More than 7500 people fled the assault that began January 3 on the town of Baga on Lake Chad, according to the United Nations. Survivors described Boko Haram gunmen shooting people on sight, or dragging them from their homes and killing them.

Claiming responsibility for the massacre, Boko Haram leader Abubakar Shekau said in a YouTube video released on Tuesday (local time) that the devastation of the Baga attack was nothing compared to future attacks he was planning.

“We are the ones who fought the people of Baga, and we have killed them with such a killing as he (God) commanded us in his book,” said Shekau, as Nigeria and its neighbours worked to deploy a regional force to confront the violent Islamist militia.

“This is just the beginning of the killings,” he said. “What you’ve just witnessed is a tip of the iceberg. More deaths are coming.”

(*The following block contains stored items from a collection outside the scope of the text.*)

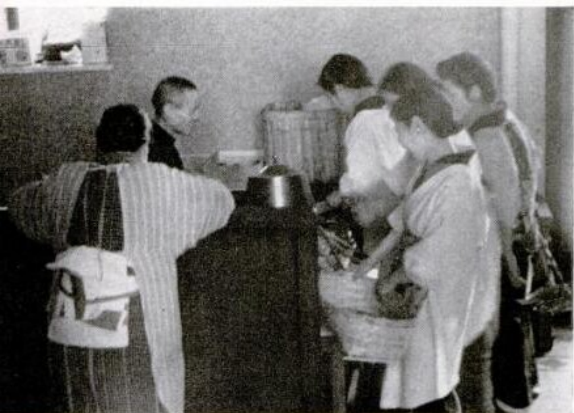
JAP COOKS CROWD TO GET DAILY FOOD RATIONS AT CHANCELLERY ICEBOXES
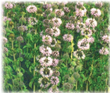
Pennyroyal ( Mentha pulegium )
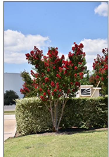
Dynamite Crapemyrtle in bloom
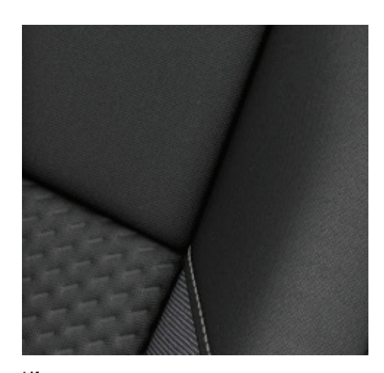
Black comfort cloth seat upholstery
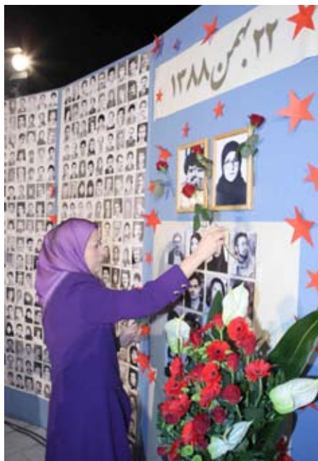
Rajavi pays homage to those fallen in the uprising

On Thursday evening, February 11, a large number of Iranians gathered at the residence of Mrs. Maryam Rajavi in Auvers-sur-Oise to commemorate the anniversary of the anti-monarchical Iranian revolution in 1979. Mrs. Rajavi said in her remarks at the event: Today, the Iranian people made a powerful declaration that the clerical regime must be overthrown. The mullahs' President Mahmoud Ahmadinejad had claimed that February 11th would see the funeral of "the
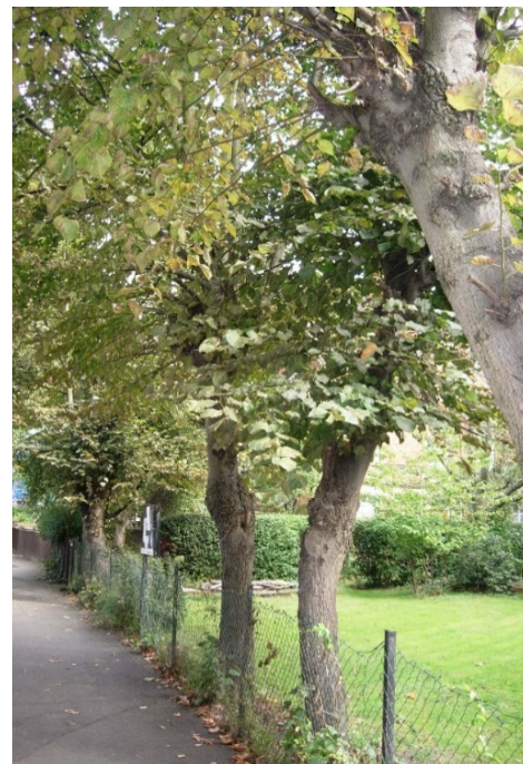
Figure 5. Right: Lime trees ( Tilia sp.) – the source of lime bast fibres.
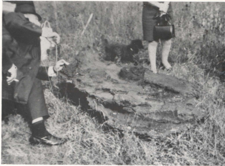
Measuring the mass of metal.

In the 35-minute video, Shekau also burned Nigeria’s flag and declared the country’s constitution dead. “This will mark the end of politics and democracy in Nigeria,” he said as gunmen fired automatic weapons into the air, yelling “God is great”.

Satellite images released last week showed thousands of houses in Baga and neighbouring Doron Baga burned down in the attack. An accurate count of how many were killed has not been reached, but they range from several hundred to 2000 people.

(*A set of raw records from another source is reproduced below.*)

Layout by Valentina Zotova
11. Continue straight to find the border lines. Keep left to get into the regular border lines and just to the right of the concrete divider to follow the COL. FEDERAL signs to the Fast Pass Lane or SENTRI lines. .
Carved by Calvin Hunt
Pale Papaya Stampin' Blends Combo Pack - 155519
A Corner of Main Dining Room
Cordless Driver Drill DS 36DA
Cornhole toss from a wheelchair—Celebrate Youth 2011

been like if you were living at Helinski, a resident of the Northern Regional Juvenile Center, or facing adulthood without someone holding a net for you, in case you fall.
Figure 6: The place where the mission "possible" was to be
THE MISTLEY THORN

In recent weeks, Boko Haram has also attacked villages in neighbouring Cameroon, abducting dozens of children and adults, but the militia was driven back by Cameroonian forces on Monday, freeing many of the prisoners.

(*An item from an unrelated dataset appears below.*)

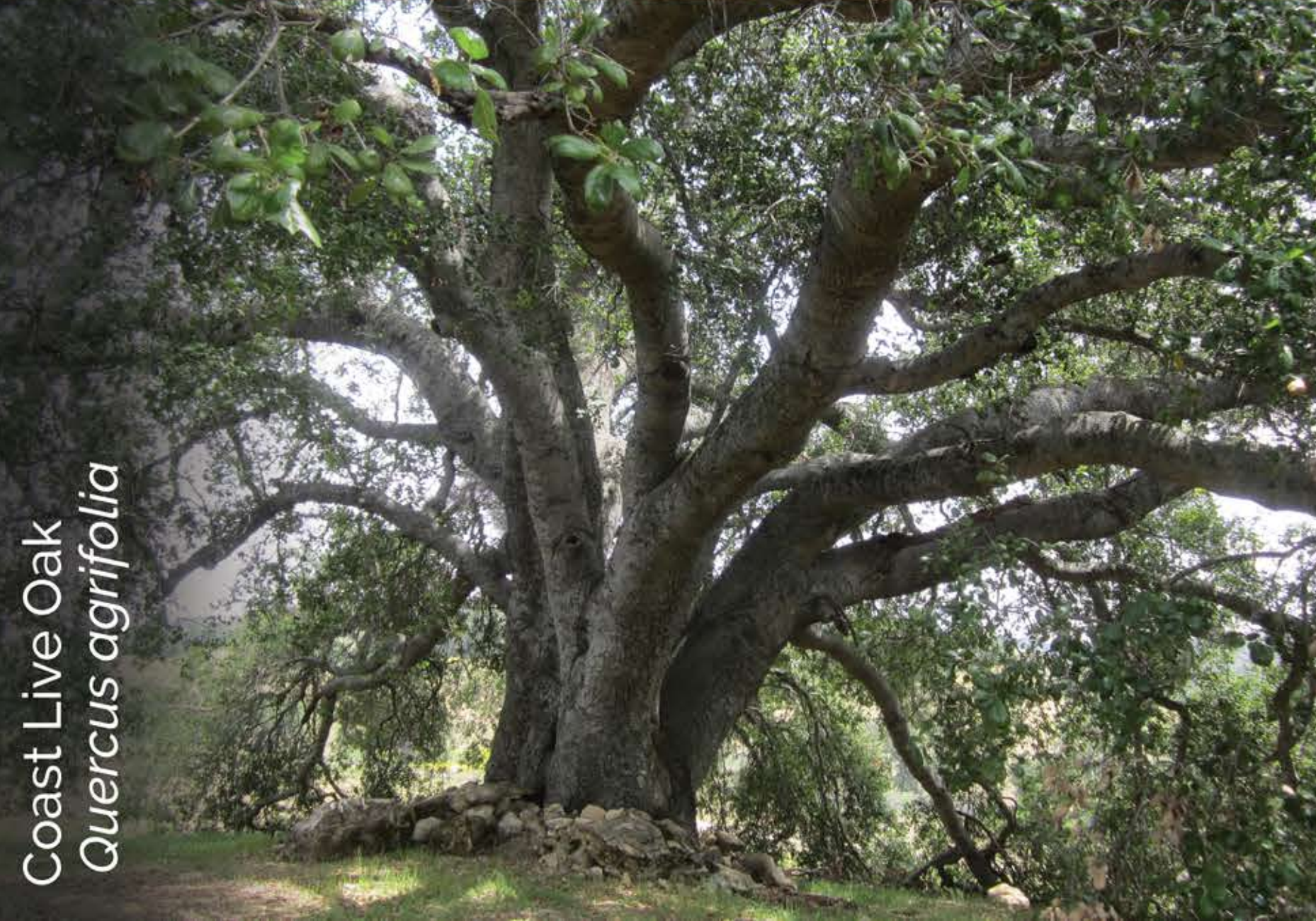
Coast Live Oak Quercus agrifolia

The government of Cameroon said on Wednesday that its forces had also freed a German hostage, schoolteacher Nitsch Eberhard Robert, with the help of the forces of allies, without specifying which countries were involved. Robert was kidnapped by Boko Haram in Adamawa state last July.

Fighting was reported on Tuesday in the northwest Cameroon village of Bonderi, near the border with Nigeria.

Boko Haram is fighting to impose an Islamic state in Nigeria based on a fundamentalist interpretation of Islam. The group opposes democracy and secular education, and has attacked schools, killed male students and teachers and kidnapped hundreds of schoolgirls.

Elections are due next month, but won’t take place in the dozens of towns and villages Boko Haram controls in a vast area around the Borno state capital, Maiduguri, the militia’s birthplace.

In the video, Shekau taunted West African leaders who are working to deploy the regional force, and mocked Niger’s president, Mahamadou Issoufou, who took part in a recent rally of world leaders in Paris showing solidarity after the terror attack on the satirical magazine Charlie Hebdo.

Baga was to be the headquarters of the 2800-strong regional force, which was supposed to be launched in November after an agreement among Nigeria, Niger, Chad and Cameroon the month before. But before the January 3 attack on Baga, Niger’s soldiers had departed and the Chadian forces had not yet been deployed, leaving Nigerian forces to confront the militants alone and undermining trust among the neighbours.

Chad sent a force to Cameroon last weekend to help prevent the Boko Haram insurgency from spreading across the region.

When Boko Haram seized Baga, it took over the military base, along with weapons and ammunition. Shekau flaunted an arsenal of sophisticated weaponry in the YouTube video and said he was ready for any attack.

“Kings of Africa, you are late,” he said. “I challenge you to attack me even now. I’m ready.”